Example 2 Load in Sequential Order from One Trajectory at a Time In the case of loading data in sequential order for evaluation, the second example loads multiple modalities from two datasets, same as above, but in a trajectory-by-trajectory order. In this setting, the buffer size will change every time it loads the next trajectory. Note that we are loading the entire trajectory into the buffer, so make sure your RAM is big enough with respect to your trajectory length.

python -m data_cacher.example_multidatasets 
      --data-spec data_cacher/dataspec/sample_tartanair_traj.yaml

Under the Hood

Now we talk about the implementation details of this data_cacher, in case people want to support their own dataset or add new functionalities. We first talk about some key components. Then we use KITTI dataset as an example to show how easy it is to add a new dataset.

Features and Assumptions

By design, we make the following assumptions.

  • Data is organized in trajectories
  • Each trajectory contains multiple modalities, which are organized in different folders
  • Different modalities are temporally aligned. It is only supported that one modality has a higher frequency that is an integral multiple of other modalities. For example, in TartanAir, images are at 10 Hz and IMU is at 100 Hz.

Key components

Data spec file is used by both low-level interface DataCacher and high-level interface MultiDatasets. It defines what modalities you want to load and how you want to load them (size, length, skip, stride, etc.). It also allows you to load dataset-specific parameters such as camera intrinsics. This file will be parsed by ConfigParser.

1:
  file: "$YOURDIR/data/tartan_train.txt"
  modality: 
    "depth_left":
      "depth":
        cacher_size: [160, 120]
        length: 1
    "flow":
      "flow":
        cacher_size: [320, 240]
        length: 1
      "mask":
        cacher_size: [160, 120]
        length: 1
  cacher:
    data_root_key: tartan 
    data_root_path_override: $YOUR_DATA_ROOT
    subset_framenum: 200
    worker_num: 0
    load_traj: false
  dataset:
    frame_skip: 0
    seq_stride: 1
    frame_dir: true
  parameter:
    intrinsics: [640, 640, 320, 320, 320, 320]
    intrinsics_scale: [0.25, 0.25]
    fxbl: 80

DataSplitter describes how the whole dataset is split into subsets, either depending on the number of frames or by trajectories.

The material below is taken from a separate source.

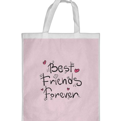 Pink and white shopping bag with "Best Friends For Ever" print. |

TrajBuffer is the data structure used for organizing the multi-modal data in RAM. It uses RAMBuffer, which is based on multiprocessing.Array to store data in RAM.

modality_type handles dataset-specific things such as how modalities are organized and how different types of files are loaded.

Extend to a New Dataset

  1. Download an example KITTI trajectory
wget https://cmu.box.com/shared/static/nw3bi7x5vng2xy296ndxt19uozpk64jq.zip -O data/KITTI_10.zip
unzip -q data/KITTI_10.zip -d KITTI_10/
  1. Add a new script kitti_types.py under modality_type folder.

  2. Define a data spec file as dataspec/sample_kitti.py, and change the data_root_path_override.

  3. Run the MultiDataset:

python -m data_cacher.example_multidatasets_kitti 
      --data-spec data_cacher/dataspec/sample_kitti.yaml